The US Supreme Court has done next to nothing to enforce the Constitution and stop the government’s spying on the population.  Phone calls, text messages, emails, credit card purchases, state driver’s license databases, literally everything about our lives is collected as privacy-violating information.  Yet the Supreme Court based on speculation about the government’s motives has blocked the 2020 Census from finding out how many of the people living in the US are citizens.  Apparently, the jurists on the court regard whether one is or is not a citizen as the only piece of private information that can’t be collected.

Apparently, the Supreme Court is responding to the organizers of Hispanics, such as the Mexican-American Legal Defense Fund, who are protecting their power in numbers and who speculate that the citizenship question is being used to reduce immigrants’ willingness to participate in the census survey, with the result being an undercount of Hispanics and, thus, less representation in legislatures.  

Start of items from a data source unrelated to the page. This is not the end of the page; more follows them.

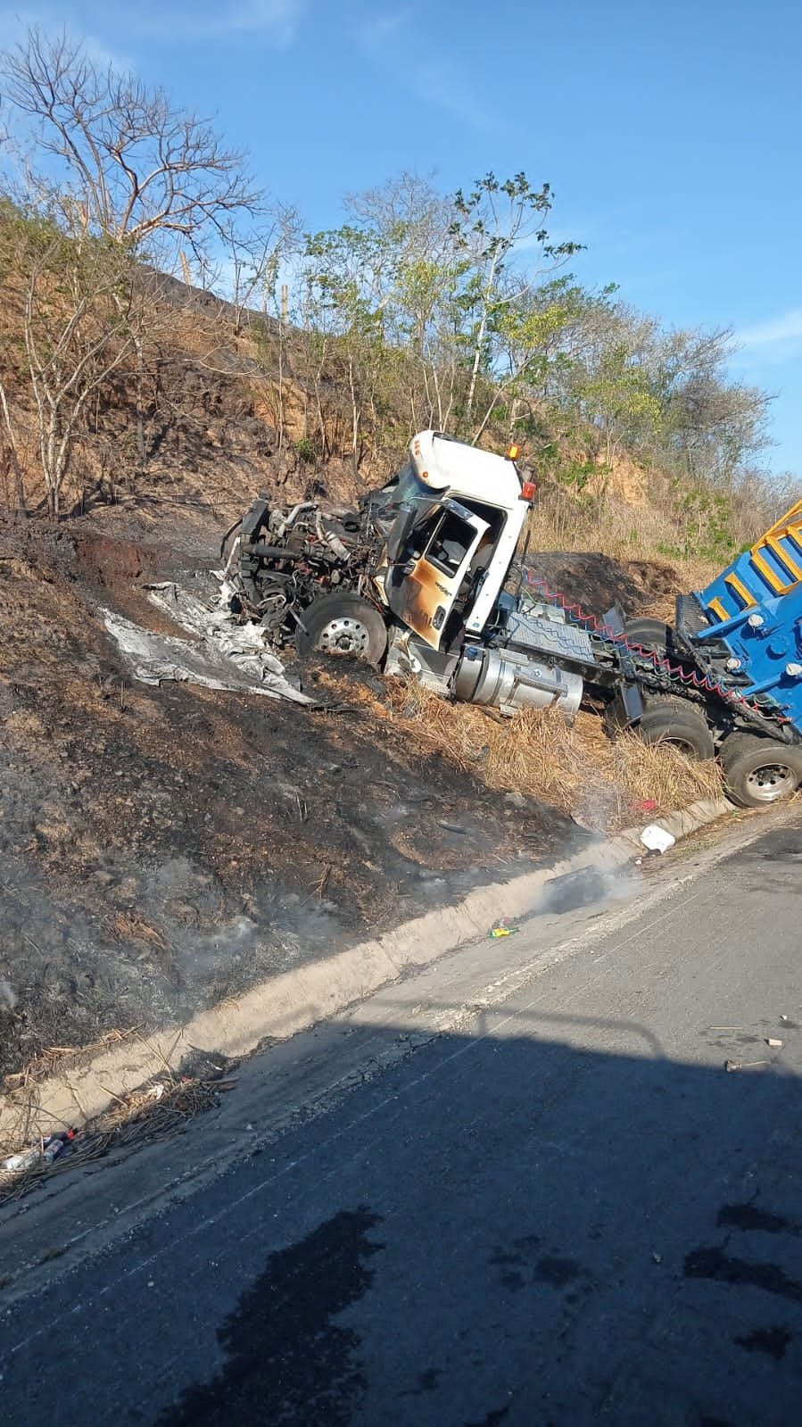 La tarde del MARTES 04 de abril, el conductor un tracto camión Internacional ProStar de la empresa TICSA ,chocó por alcance con otro tracto camión y perdió de control de la unidad, saliendose del camino y provocando que se incendiara,esto en el kilómetro 153+500 de la autopista la Tinaja _Cosoleacaque , a la altura del entronque a la localidad Mata Verde ,perteneciente a Juan Rodríguez Clara .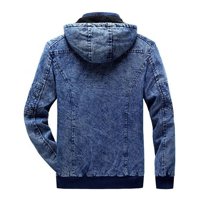 Últimas 2025 Chaquetas de hombre de alta calidad Diseños de logotipo personalizado Chaqueta de mezclilla de invierno Chaqueta de mezclilla con capucha de lana azul para hombres con OEM
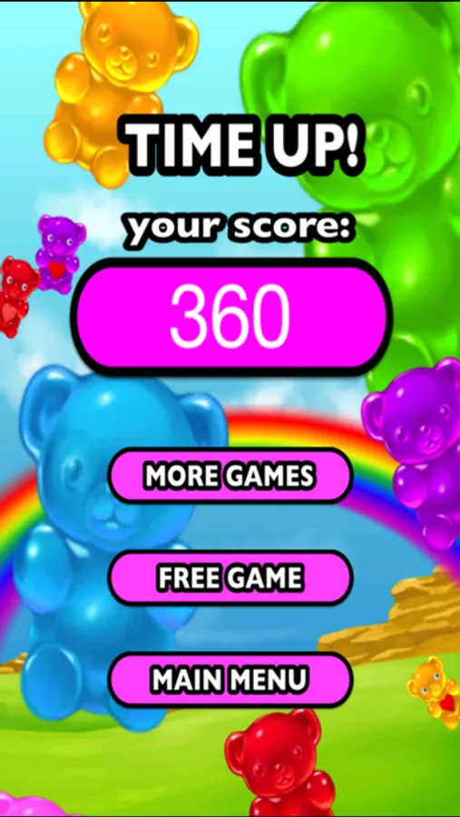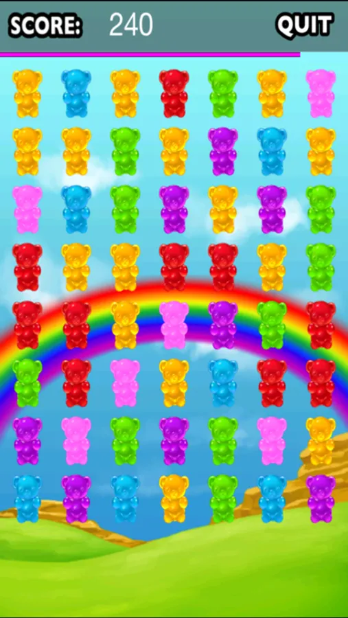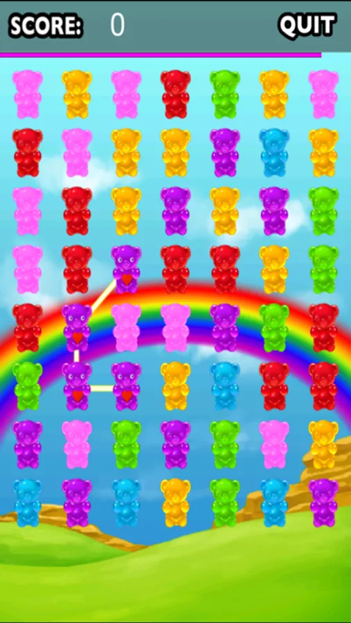 Immerse yourself in the colorful rainbow country and connect as many gummy bears as possible.

Many Americans are concluding that the Supreme Court wants to make sure that illegal aliens are as represented in elected legislatures as US citizens. Identity Politics has produced a Supreme Court that regards achieving diversity more important than citizenship. The precedent is being established that citizenship is established by mere presence.  If a person can place a foot on US territory, the person becomes a citizen. President Trump’s attempt to enforce US borders is regarded as a racist act.